Like many great comedy characters there is a certain element of tragedy to both characters. Patsy the more cartoonishly awful of the two of them, had a deeply traumatic upbringing, having been basically disowned by her own parents. Even with all of their wealth and power they are both still quite pitiful characters.

The two characters also allowed the series to provide a scathing attack on the fashion industry too. The character of Patsy is even shown to have had an operation done to her stomach to stop her from having to eat!

The best thing about Patsy and Edina for me however were the elements of physical comedy. I think Patsy and Edina were quite unusual among female characters in British sitcoms. Normally female characters in Sitcoms will be portrayed as the more straight laced character, but with Ab Fab it was great to finally get a chance to see women play the more awful, pathetic character who suffers great misfortune and even physical injury.

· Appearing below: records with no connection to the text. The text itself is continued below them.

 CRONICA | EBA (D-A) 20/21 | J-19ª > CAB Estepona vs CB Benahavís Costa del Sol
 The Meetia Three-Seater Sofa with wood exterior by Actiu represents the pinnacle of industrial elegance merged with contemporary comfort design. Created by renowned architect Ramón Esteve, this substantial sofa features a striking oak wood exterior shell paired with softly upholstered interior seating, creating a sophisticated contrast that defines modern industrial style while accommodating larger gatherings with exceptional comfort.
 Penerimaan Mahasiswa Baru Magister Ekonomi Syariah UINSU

I think prior to Ab Fab people had been reluctant to watch women suffer in comedies in quite the same way. The thing is in British comedies, which by their very nature are darker then you have to suffer in order to be funny. Hell most British sitcom characters like Blackadder, Eddie and Richie from Bottom, Arnold Rimmer and Victor Meldrew are all beaten, tortured and even violently killed over the course of their series.

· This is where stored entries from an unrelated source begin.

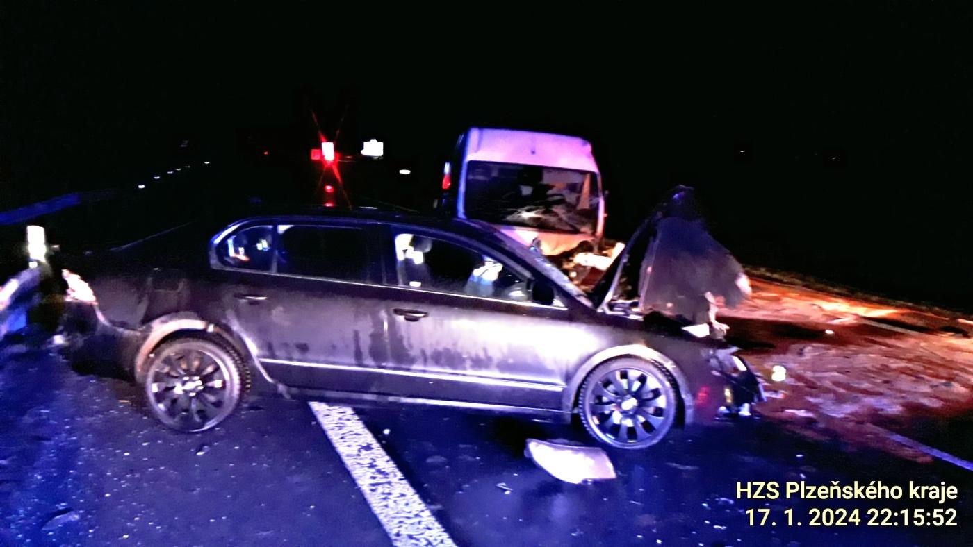 Podle policejní mluvčí Dagmar Brožové jel před devátou hodinou večer řidič ročník 1992 s vozidlem tovární značky Fiat Ducato po komunikaci I. třídy č. 27 ve směru od obce Švihov na obec Červené Poříčí. "Při projíždění mírné levotočivé zatáčky vlivem únavy usnul a s vozidlem přejel do protisměru, kde se čelně střetl s protijedoucím vozidlem tovární značky Škoda Superb řidičky ročník 1973. Po střetu bylo vozidlo Škoda odraženo na svodidla," uvedla.
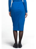 This skirt offers a snug and comfortable fit all day thanks to its soft knit waistband, which sits at the natural waist. It is useful for a variety of work settings because of the 30" length's modest coverage and ease of movement.
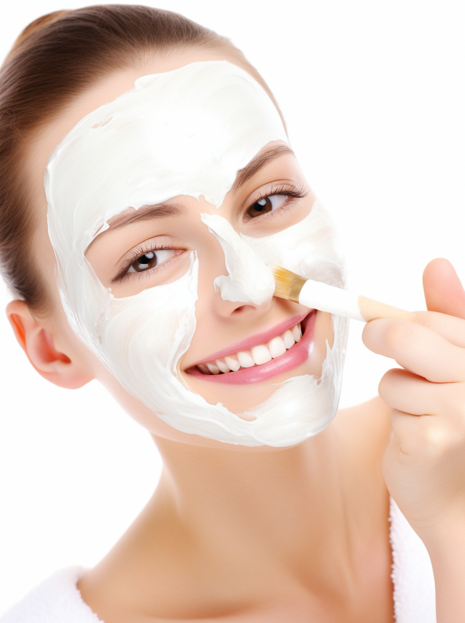 Smiling woman applying a white facial mask with a brush, showcasing a skincare routine in a bright setting.
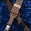 裏側はシートベルトのような滑りの良い素材、表は高級感あふれるレザー。使いやすさとロマンがいい塩梅で共存しております。また、ストラップをギターに付いてるネジを再利用して取り付けることで実質的なストラップロック機能を搭載。詳しくは画像をご覧ください。
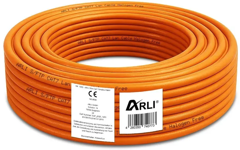 Kategorie: Netzwerkkabel - Arli - GTIN:4260350740773 - Hochwertiges Kupfer Netzwerk / Verlegekabel I CAT7 Verlegekabel Netzwerkkabel Instalationskabel Datenkabel Datenleitung Ethernet Kabel CAT.7 Leiter: Solide blanker Kupferdraht 23AWG/1 I Gesamtzahl der isolierten Leiter: 8 verdrillt zu 4 Paaren I Farbcode: blau-weiss, orange-weiss, grün-weiss, braun-weiss Paarabschirmung: Folienschirmung, bereitstellung von 100% Deckung I Gesamtschirmung: Kupfergeflecht, verzinnt I Aussenmantel: Halogenfrei I Farbe: Orange I Aussendurchmesser: 7,5 mm I Metermakierung Lieferumfang: ARLI 50 m Cat7 Verlegekabel - 33,19 Euro bei Amazon Marketplace Automotive - gefunden von billiger.de Mit 36.89 Euro ist dieses Kabel eine preiswerte Option für Standard-Installationen, die eine solide Cat.7 Leistung erfordern. ![]() ![]() HB-Digital CAT 7 Kabel 50m orange
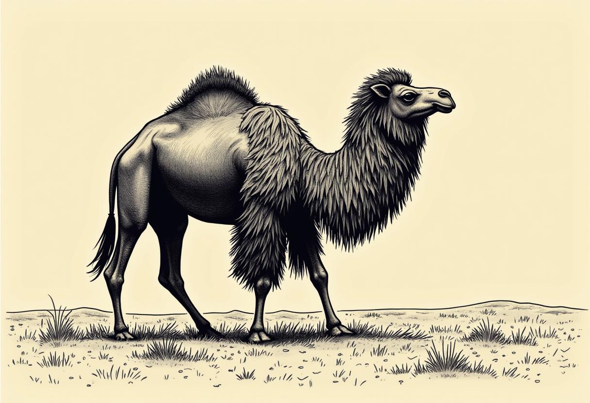 animal, art, barren, camel, creative, desert, drawing, dry, fur, habitat, illustration, landscape, nature, scenery, sketch, textured, unique, vegetation, walking, wildlife
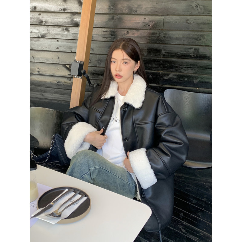 Halo Luu 黑色翻领加绒皮衣外套女秋冬新款宽松高级感中长款夹克
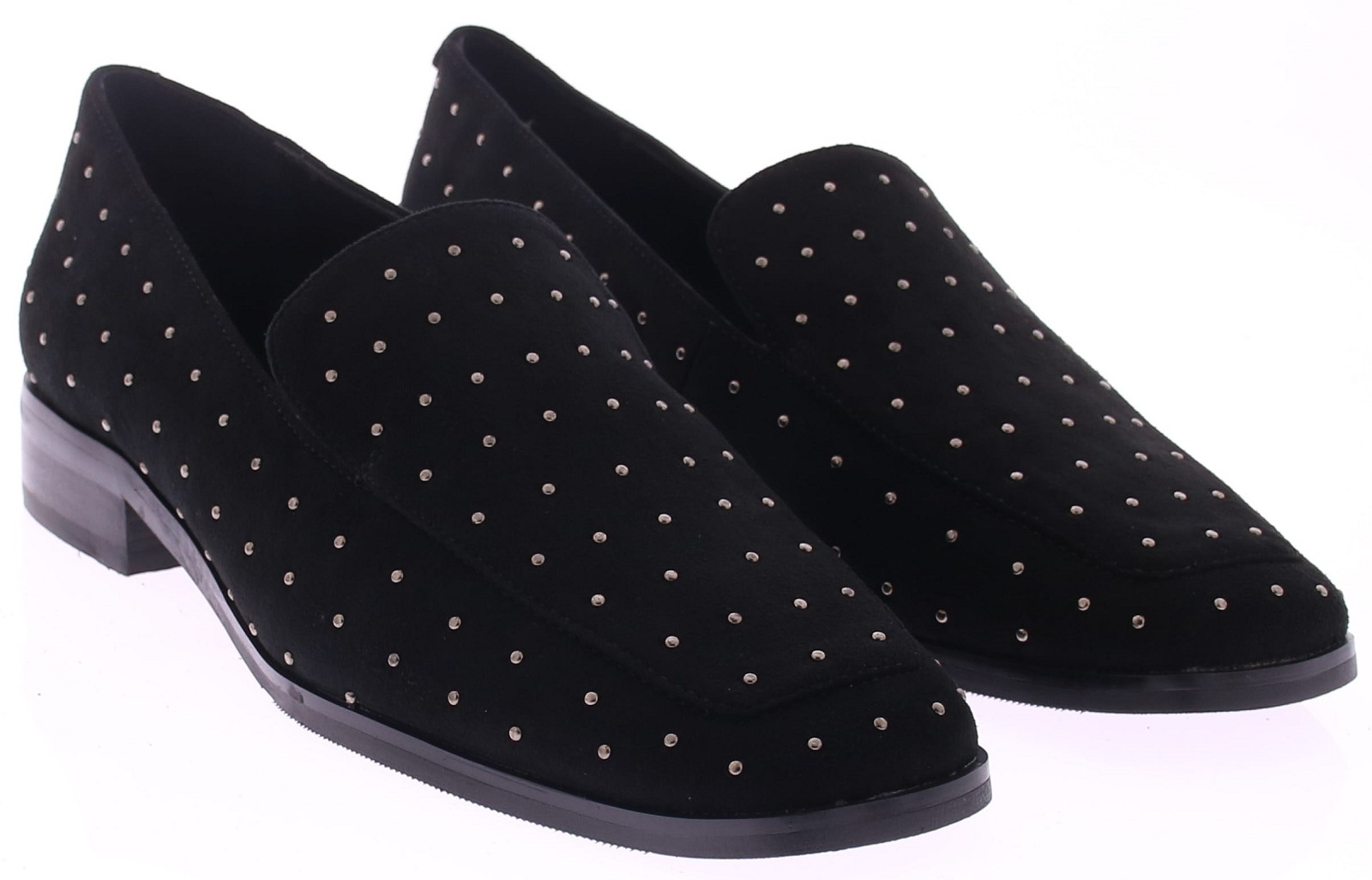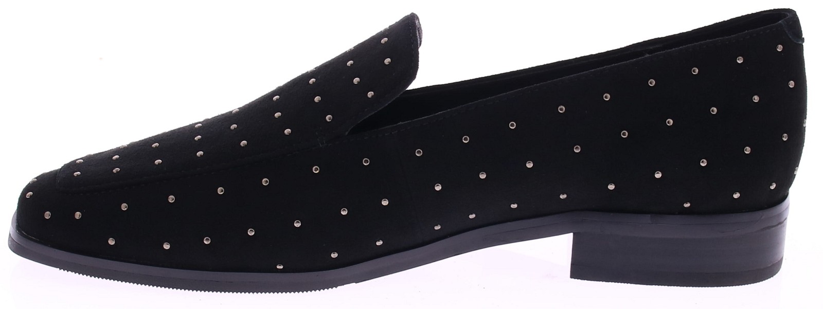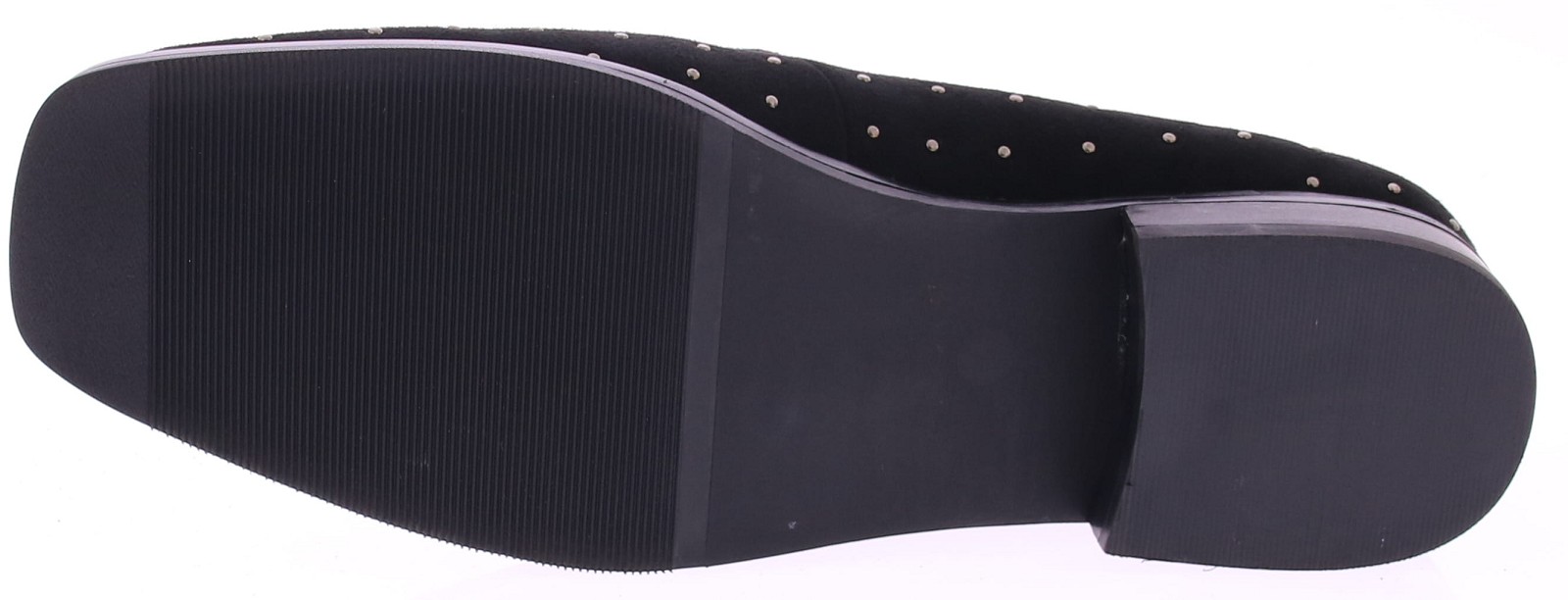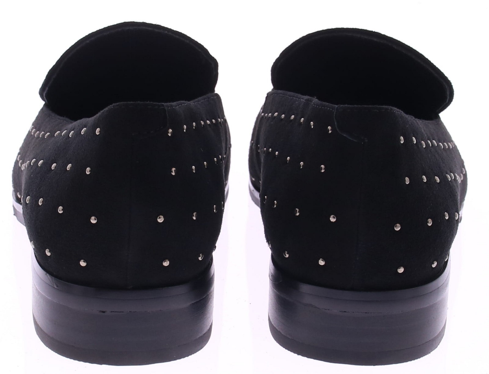 Zwart suéde dames instapper van Di Lauro. Deze instapper heeft op de schoen leuke zilvere studs. Een leuke loafer met leren voering en een hakhoogte van 2 cm.

Still again understandably  I think audiences were maybe a bit more reluctant to see women endure quite the same horrors, as men were and so women sadly were often delegated to being the straight laced, only reasonable character in British sitcoms such as Fawlty Towers, One Foot in the Grave, Red Dwarf, and Men Behaving Badly or they were just left out altogether.

Ab Fab however I feel broke down barriers by having the female characters be just as bad as and endure just as much as their male counterparts.

Ironically having women get horribly injured like being set on fire or falling down the stairs in Ab Fab and be portrayed as utterly pathetic people turned out to be empowering for women.

Itallowed other female characters such as Mrs Doyle in Father Ted, Fran in Black Books and Jen from the IT Crowd to emerge who were similarly awful, and who again also endured just as gruesome injuries and misfortune as their male counterparts whether that was Fran being hit by a car, and then having her neck broken, Jen’s feet being mangled by her shoes, or Mrs Doyle falling off the roof and down the stairs several times.

Thus whilst they might not be the most admirable people Patsy and Edina are true pioneers for women in comedy and they have remained truly iconic characters with Joanna Lumley and Jennifer  Saunders set to reprise their roles in the upcoming Ab Fab movie this year.